Symmetric functions on three parameters being perfect squares Is it possible for $x+y+z, xy+yz+zx$, and $xyz$ to be perfect squares at the same time for positive integer values of $x,y,z$?
 A: Yes.  By straightforward search the smallest example is
$\lbrace x,y,z \rbrace = \lbrace 45,64,180 \rbrace$, with
$$
(t+45) (t+64) (t+180) = t^3 + 17^2 t^2 + 150^2 t + 720^2.
$$
Given any solution $(x,y,z)$ we may produce infinitely many others
(other than the trivial scaling $(c^2 x, c^2 y, c^2 z)$) by using
the theory of elliptic curves to find rational $z'$ such that
$x+y+z'$, $xy+yz'+z'x$, and $xyz'$ are all squares, at which point
$(d^2 x, d^2 y, d^2 z')$ works for any integer $d>0$ such that
$d^2 z' \in {\bf Z}$.  For example, in $\lbrace 45,64,180 \rbrace$
we may replace $64$ by $(460163992/28591599)^2$, and then multiply
through by $28591599^2$ to obtain the new solution
$$
\lbrace  
 28591599^2 \cdot 45, \phantom{+} 460163992^2, \phantom{+} 28591599^2 \cdot 180 \rbrace .
$$
A complete parametrization is not possible, because it would be
tantamount to a rational parametrization of the surface
$$
S: xy + yz + zx = r^2, \phantom{and} (x+y+z)xyz = s^2
$$
in projective $(1:1:1:1:2)$ space, and that surface is K3.

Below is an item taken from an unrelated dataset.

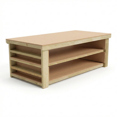 Introducing our Wooden MDF Top Workbench with Extra Shelving, meticulously designed to enhance your workspace efficiency. Handcrafted in the UK, this robust workbench features a construction-grade CLS C16 pressure-treated timber frame and a smooth 18mm MDF ply sheet top, providing a durable and reliable surface for all your projects.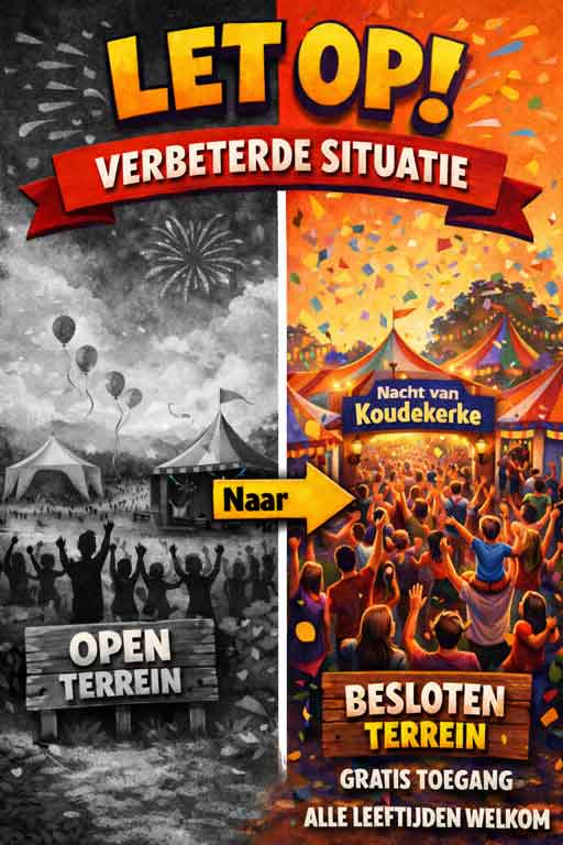 Let op: Door het grote succes en populariteit van N8vK, hebben we geconstateerd dat professionalisering nodig is om te zorgen dat het een gemoedelijk en veilig evenement blijft. Voorop staat dat het voor iedereen gratis toegankelijk blijft. Wel hebben we de keuze gemaakt om op de Nacht van Koudekerke met een besloten terrein te werken. Als bezoeker betekent dit dat het terrein enkel via de in-/uitgang ter hoogte van Zuss&Coffee te betreden is.

If I did this right, $S$ is a "singular" K3 surface, i.e. has Picard number
$20$ which is maximal for a K3 surface in characteristic zero, and the
Néron-Severi group ${\rm NS}(S)$ has rank $20$ and discriminant $-48$,
and consists of (classes of) divisors defined over ${\bf Q}(i)$.
It is actually quite common for
natural Diophantine equations to give rise to K3 surfaces of
maximal or nearly-maximal Picard number, but that's a story for
another time.